Originally posted by Donuthole View Post

The guardrail in question was temporary, as it was installed on a temporary walkway which was being used during some construction.

Was the rail one of those 2x4 constructed jobs? I see those on construction sites all the time and assume that their major utility is in serving as a physical reminder of where the edge of the platform/walkway when guys bump their hips into it while working and not so much as a guardrail. I really wouldn't think that they would be OSHA compliant.

Originally posted by Walter Sobchak View Post

Find a 260lb man. Attach a bathroom scale to a wall at the height of the guardrail and have the man push on the scale. Record the result.

I like this. I think that the OSHA reg is rather vague. There is no practical discussion about the requirement at all. If you do Walter's suggestion, and the 260 lb man can get the needle past 200, for even an instant, who's to say that he didn't adequately test it?

Originally posted by Omaha 680 View Post

I have an SE.

But only in Utah

. But I do also have PEs in NY/NJ/PA

**Donuthole** · 01-15-2015, 01:51 PM

Originally posted by wally View Post

Was the rail one of those 2x4 constructed jobs? I see those on construction sites all the time and assume that their major utility is in serving as a physical reminder of where the edge of the platform/walkway when guys bump their hips into it while working and not so much as a guardrail. I really wouldn't think that they would be OSHA compliant.

You are a smart man. That is a part of my expert's opinion, along with the fact that the walkway was only 12" off the ground, and thus not high enough to invoke the OSHA guardrail standard. However, it is the Plaintiff's expert who insists that any rails put up anywhere near a construction site must meet the 200-lb force requirement set forth in OSHA. There is no in between, he says.

That said, he was too lazy to re-construct a sample walkway and test the strength, and he doesn't offer any evidence that the rails would not have supported 200 lbs of force, other than the fact that the 180-lb plaintiff, carrying a 50-lb bag of salt, stumbled and fell through them.

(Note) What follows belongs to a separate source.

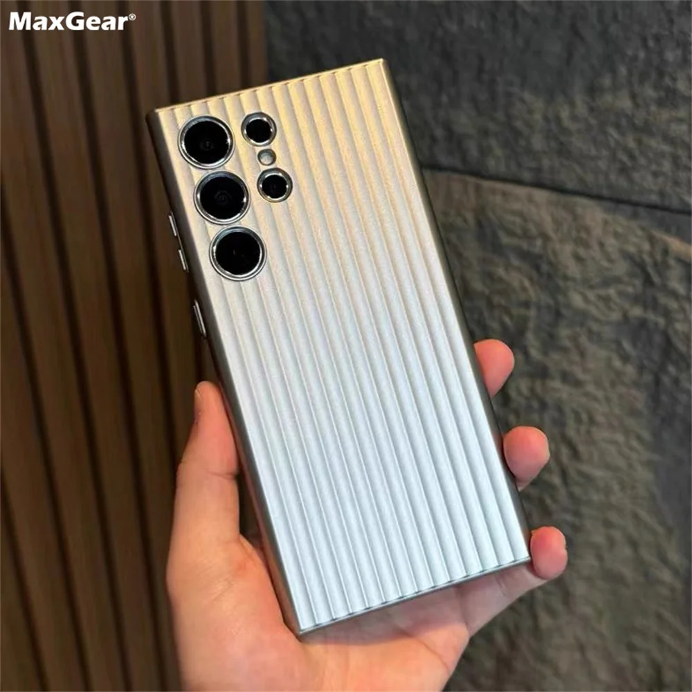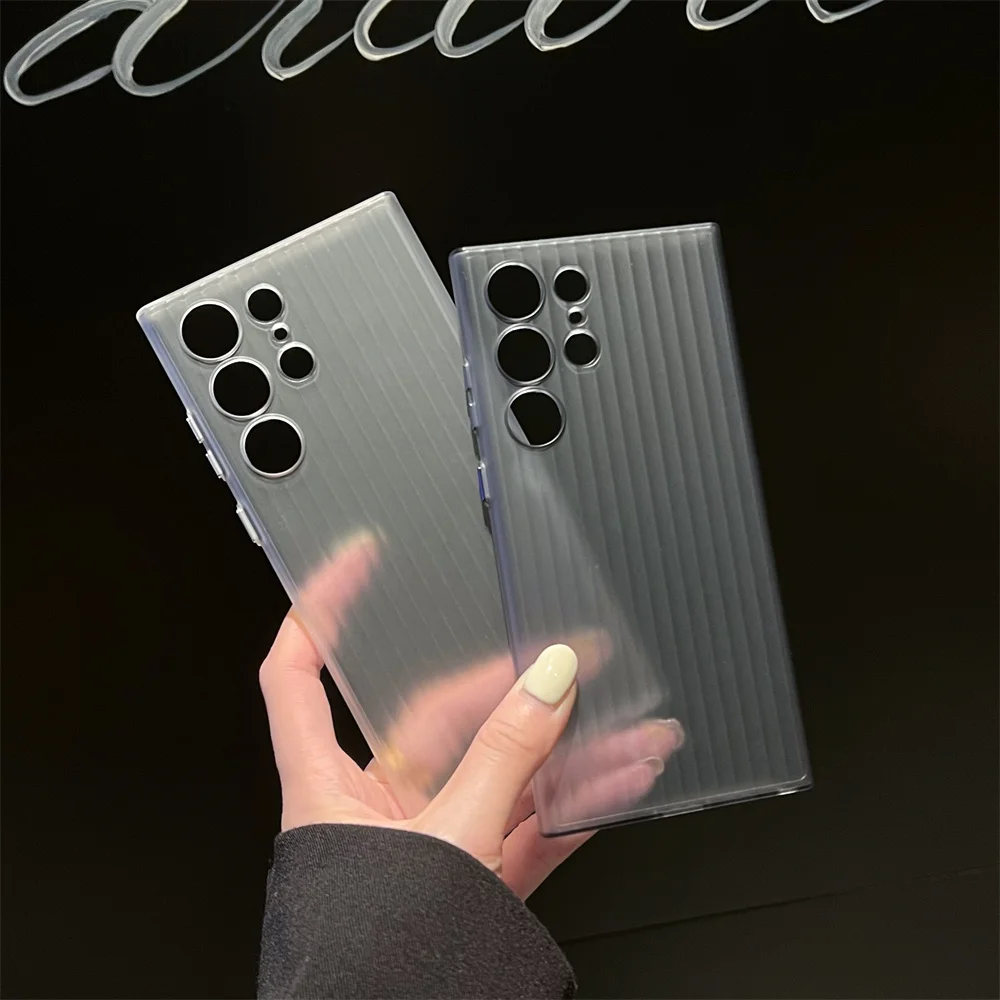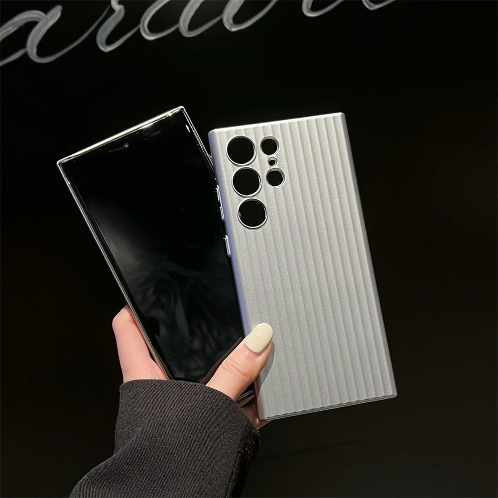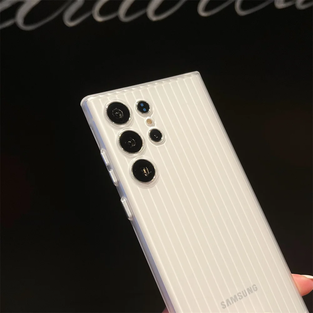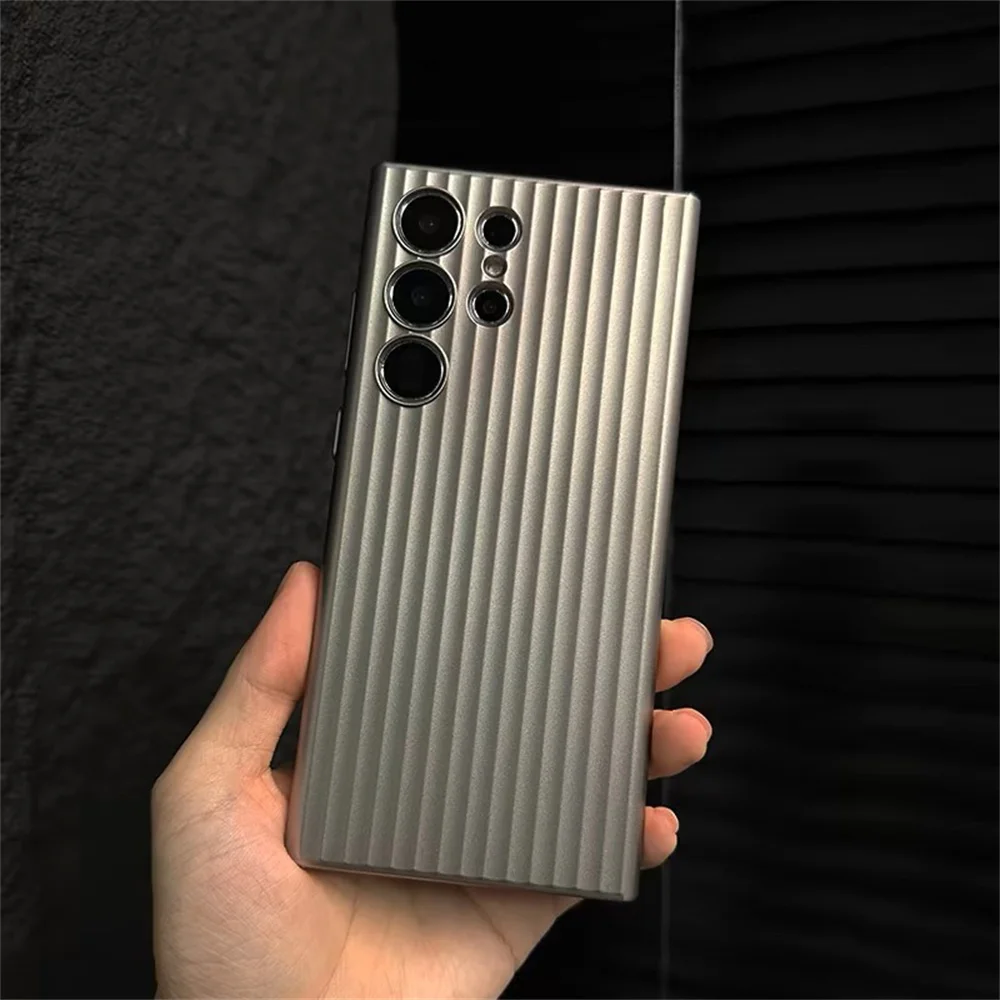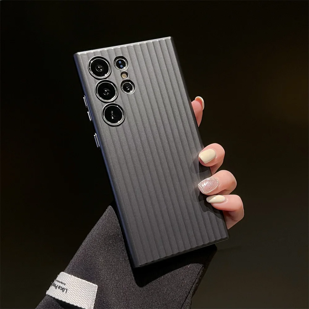 Funda de teléfono dura mate AG de rayas de lujo para Samsung Galaxy S24 S23 Plus, protección de cámara Ultra oficial, cubierta de armadura de plástico

**Jeff Lebowski** · 01-15-2015, 02:17 PM

Originally posted by Omaha 680 View Post

I have an SE.

But only in Utah

. But I do also have PEs in NY/NJ/PA

Anyway, Wally got it right. It would be nearly impossible for a man of any size to generate a 200 lb force on a railing by pushing on it. The controlling direction of the force for sizing of the posts will be parallel to the ground (with the force applied right at the top of the post. No matter how strong someone was pushing out on the post, the amount of force he could exert parallel to the ground would be controlled by the slip of his feet against the walking surface. For rubber on concrete, you are looking at a coefficient of friction in the 0.6 range, which means a 200 lb man would max out his lateral force on the railing and his shoes would slip once he applied about 120 lb to the railing. And this is assuming 100% of his weight is on his feet, which is likely not the case when pushing against the railing. If there were a block or curb to brace your feet on, you could likely apply 200 lb, but I wouldn't want to be the one who performed that test if the post failed.

The above is for post sizing. The controlling direction for the rail sizing will depend on the cross section of the rail member. If it is doubly symmetric, hanging a known weight of 200 lb on top of the rail midway between the posts would be sufficient to demonstrate adequate strength. For the post you are better off having someone just run the numbers on the chosen post members.

WTH? For some reason I thought you were a lawyer.

**FN Phat** · 01-15-2015, 02:35 PM

Originally posted by Donuthole View Post

You are a smart man. That is a part of my expert's opinion, along with the fact that the walkway was only 12" off the ground, and thus not high enough to invoke the OSHA guardrail standard. However, it is the Plaintiff's expert who insists that any rails put up anywhere near a construction site must meet the 200-lb force requirement set forth in OSHA. There is no in between, he says.

That said, he was too lazy to re-construct a sample walkway and test the strength, and he doesn't offer any evidence that the rails would not have supported 200 lbs of force, other than the fact that the 180-lb plaintiff, carrying a 50-lb bag of salt, stumbled and fell through them.

The handrail is required to withstand a 200-lb force or less than a 2" deflection when in place as a barrier to protect a leading edge of a fall of 6' or more. If the barrier is not protecting a leading edge of 6' or more it is not held to the same standard. It is simply a barricade and not used as a fall protection.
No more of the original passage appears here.